Why not use Layer2 tokens to pay network GAS?

Author: Andrew Huang

Translation: Huohuo, Plain Language Blockchain

Why you shouldn’t use the native token of your protocol as the gas token for Rollup?

At @conduitxyz, we have been fortunate to discuss with hundreds of teams and protocols on how to launch their own Rollup. The most common question we received is, “Can we allow our users to pay gas fees with our native token?”

Our answer ⬇️

Not suitable without net demand for tokens.

If you plot the token flow, there will be no net demand. Users buy your token to connect to your Rollup. When they pay gas fees, the sequencer server sells these tokens, attempting to cover the data availability (DA) cost, which is priced only in ETH.

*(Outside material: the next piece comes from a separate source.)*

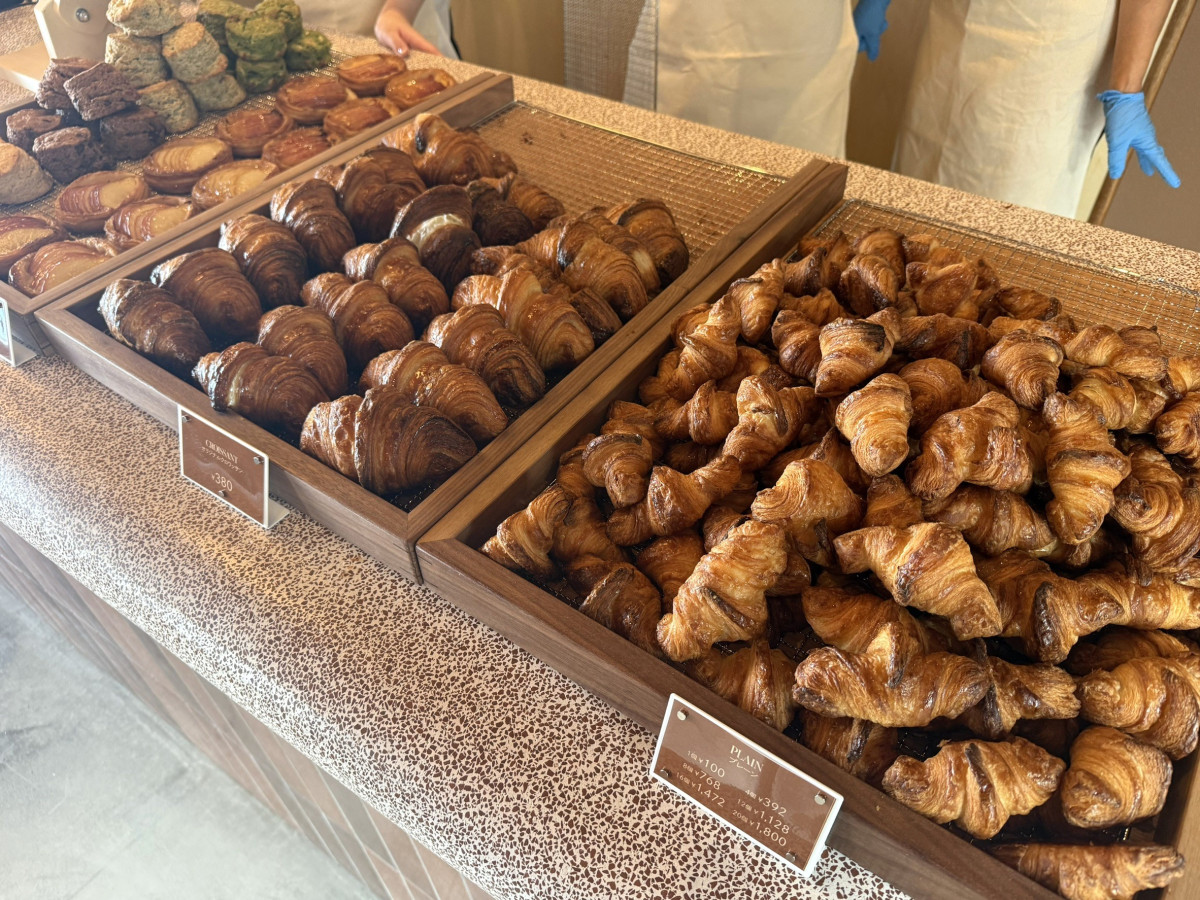 カフェカウンターでクロワッサンやアップルパイなどのパンを販売するベーカリーカフェ「YUNAGI Cafe」

If your token gas fees cannot cover the data availability (DA) cost, then your protocol will foot the remaining DA cost. Essentially, you are subsidizing usage on your Rollup but still need to pay the DA cost in ETH.

In the long run, cross-domain interoperability and MEV may become the primary revenue model for Rollup sequencer servers. By mandating your Rollup users to acquire your token, you make it harder for those builders/searchers to extract MEV on your chain.

Unlike holding only one token (ETH), they need to hold N tokens on N Rollups, greatly complicating their token inventory strategy.

In fact, for some systems like Optimism’s Superchain, using your own token as the gas token may render you incompatible, undermining access to your chain and isolating your Rollup from the wider ecosystem.

Lastly, this adds a cumbersome user experience burden. All users hold ETH because it is the native token of Ethereum. Requiring them to first purchase your token to use your Rollup adds another barrier to using your application.

It may be reasonable in the following cases:

If interoperability is not important to you, and your token has net demand (or is a stablecoin), then it may be feasible. An example could be @eco, whose core users are not native crypto users.

Requiring their users to acquire Ether in addition to @ecostablecoin would add additional user experience burden. Essentially, this is the opposite of the experience for native crypto users.

Perhaps a more sustainable approach is to recycle the surplus sequencer server revenue obtained from your Rollup back into the protocol’s token through buybacks.

This could create a more sustainable demand for the protocol token from the trading volume on the Rollup and help achieve stronger alignment of incentives between users and the protocol.

Of course, you can also use meta-transactions, relayers, or account abstraction to mimic the way users pay gas fees with the protocol token.